- Problem statement:
Please print, exactly, only the lines in the entries below from the line that has "Zastosowana podeszwa styrogum" through the line that has "Damen Winter Oversized". Pictures don't go in.

- Record set:
━━━━━━━━━━━━━━━━━━━━━━━━━━━━━━
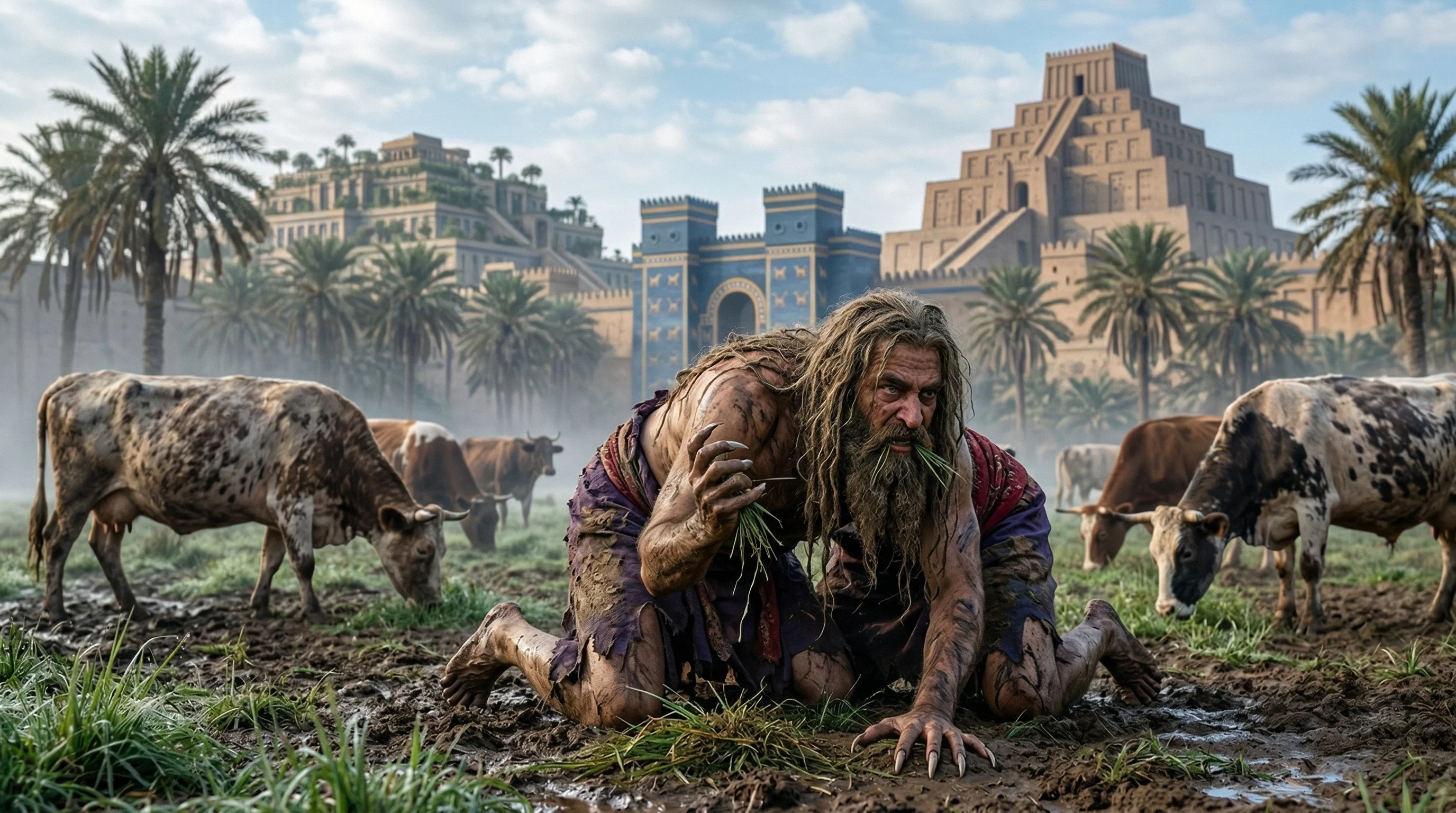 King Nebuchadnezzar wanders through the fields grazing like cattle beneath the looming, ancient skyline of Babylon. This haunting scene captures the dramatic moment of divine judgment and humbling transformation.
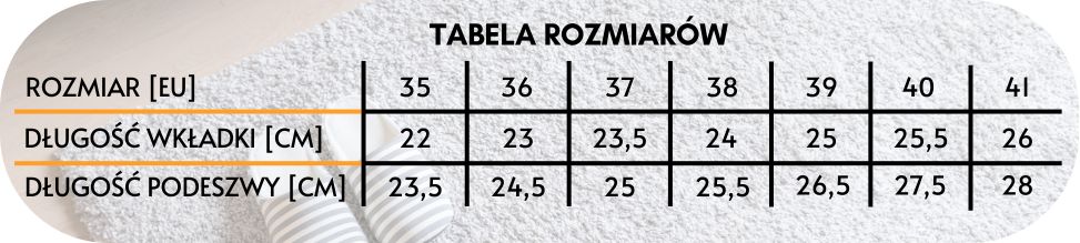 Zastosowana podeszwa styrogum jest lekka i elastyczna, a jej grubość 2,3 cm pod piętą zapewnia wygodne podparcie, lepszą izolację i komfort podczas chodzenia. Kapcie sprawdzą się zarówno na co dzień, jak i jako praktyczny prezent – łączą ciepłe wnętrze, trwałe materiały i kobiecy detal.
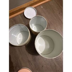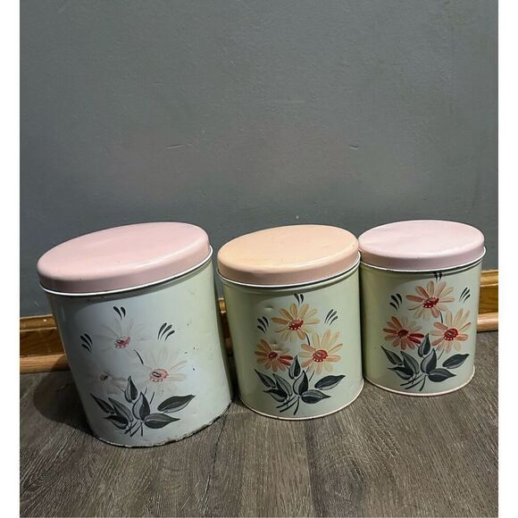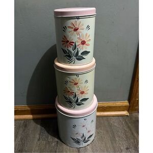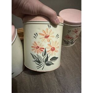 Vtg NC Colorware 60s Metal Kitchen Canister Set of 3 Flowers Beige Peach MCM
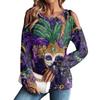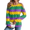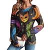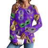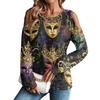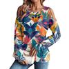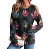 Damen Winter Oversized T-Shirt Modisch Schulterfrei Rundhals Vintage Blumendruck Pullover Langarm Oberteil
━━━━━━━━━━━━━━━━━━━━━━━━━━━━━━
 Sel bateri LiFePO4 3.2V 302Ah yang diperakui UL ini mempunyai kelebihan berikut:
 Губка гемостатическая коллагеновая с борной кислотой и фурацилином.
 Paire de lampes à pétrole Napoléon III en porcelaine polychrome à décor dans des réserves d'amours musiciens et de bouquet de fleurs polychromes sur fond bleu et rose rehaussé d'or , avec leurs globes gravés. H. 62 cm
━━━━━━━━━━━━━━━━━━━━━━━━━━━━━━
- Written response:
 Zastosowana podeszwa styrogum jest lekka i elastyczna, a jej grubość 2,3 cm pod piętą zapewnia wygodne podparcie, lepszą izolację i komfort podczas chodzenia. Kapcie sprawdzą się zarówno na co dzień, jak i jako praktyczny prezent – łączą ciepłe wnętrze, trwałe materiały i kobiecy detal.
 Vtg NC Colorware 60s Metal Kitchen Canister Set of 3 Flowers Beige Peach MCM
 Damen Winter Oversized T-Shirt Modisch Schulterfrei Rundhals Vintage Blumendruck Pullover Langarm Oberteil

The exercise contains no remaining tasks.